Once in orbit, it deploys the ark in geo-stationary orbit. We could even put in instruments to measure the effects of low gravity on animals. And why stop there? We could throw in some Discovery channel tapes of animals getting laid in the wild (animal porn). This way we can study sex in space, I mean, what can be more important than understanding how a horny elephant manages to impregnate his fat-ass partner in a zero gravity environment?

Imaging for a moment the sheer excitement of watching a pair of roaches hitting it off whit Also Sprach Zarathustra playing on the background? Can you possibly fathom the imposing image of a lion masturbating in space, all the tiny spermatozoids floating together like ballerinas in a perfectly choreographed vision of grandeur? How about a menage a trois of copulating rhinos? Furthermore, we could even get them dildos, vibrators and other sex toys. Boy, it just keeps getting more interesting by the minute!

I bet the networks would kill for the rights to broadcast the event live from the ark. They could even install a pussy-cam to get a close-up of the penetrating motion and fluid deployment extravaganza. Jerry Springer and Howard Stern could do the play by play with commentaries by Dr. Ruth. I mean, the ratings would go off the charts; forget about reality shows like Survivor, animal sex in space is the way to go!

But, most important of all, the animals would be safe, protected from the evil wrath of man, separated from their greatest nemesis by 35900 km of thin air. Even better, we could go on animal killing spree back here on earth since there would be no risk of animal extinction whatsoever. Heck, we can even kill the animals preserved in the zoos. Those bastards, sitting there all day doing nothing except for wasting us taxpayers good money. Grrr!

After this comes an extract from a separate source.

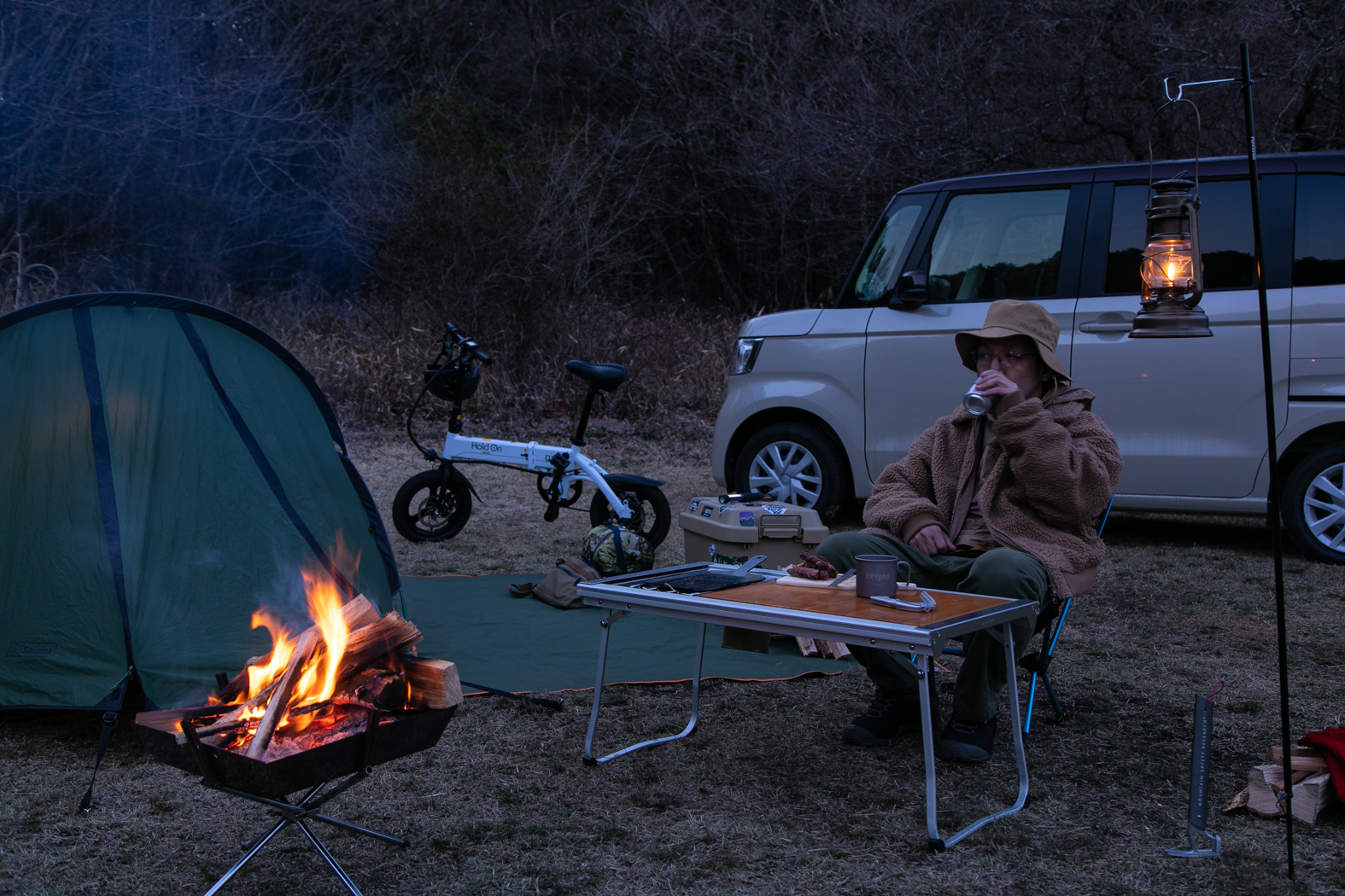 いい汗をかいたし、いい写真も撮れたし、そろそろ暗くなり始めたのでテントに戻って焚き火を始めよう。でも、かなり走ったにも関わらず疲れはそこまでじゃない。やっぱり電動アシスト自転車ってすごいなぁ。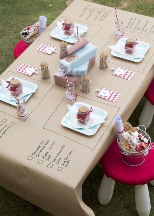 Se não quiser comprar toalhas e arranjos, compre um pedaço de papel pardo, que é bem baratinho, e faça nele os desenhos da decoração de Natal. Mais do que uma ideia barata, é muito criativa, diferente e depois é só descartar o papel sem precisar lavar toalhas.

Evidently, a new legislation will be developed outlawing animal hunting in space. As a matter of fact, we could camouflage an antimissile defense system inside the ark and nobody would suspect a thing since it is an ecological preserve, right? What sick mind would suspect of us Americans using animals as a decoy to deploy a nuclear treaty violating defense system. I wonder why no one had ever thought of it before. We could even call it Star Wars. Now, that would be really cool, literally out of this world.

Now, as to the name for the ark, a few choices come to mind: Biosphere-3, Space PANDAmonium and Laika's Orbiting Playhouse, to name a few.

Pd. This is a serious proposal currently under study by Congress. Some relevant contents such as the aerodynamically designed toilets, fart containing system, animal droppings compactor, pheromone ventilator, spermatozoid collider and cryogenic camera for polar bear preservation have been omitted due to their obvious national security implications.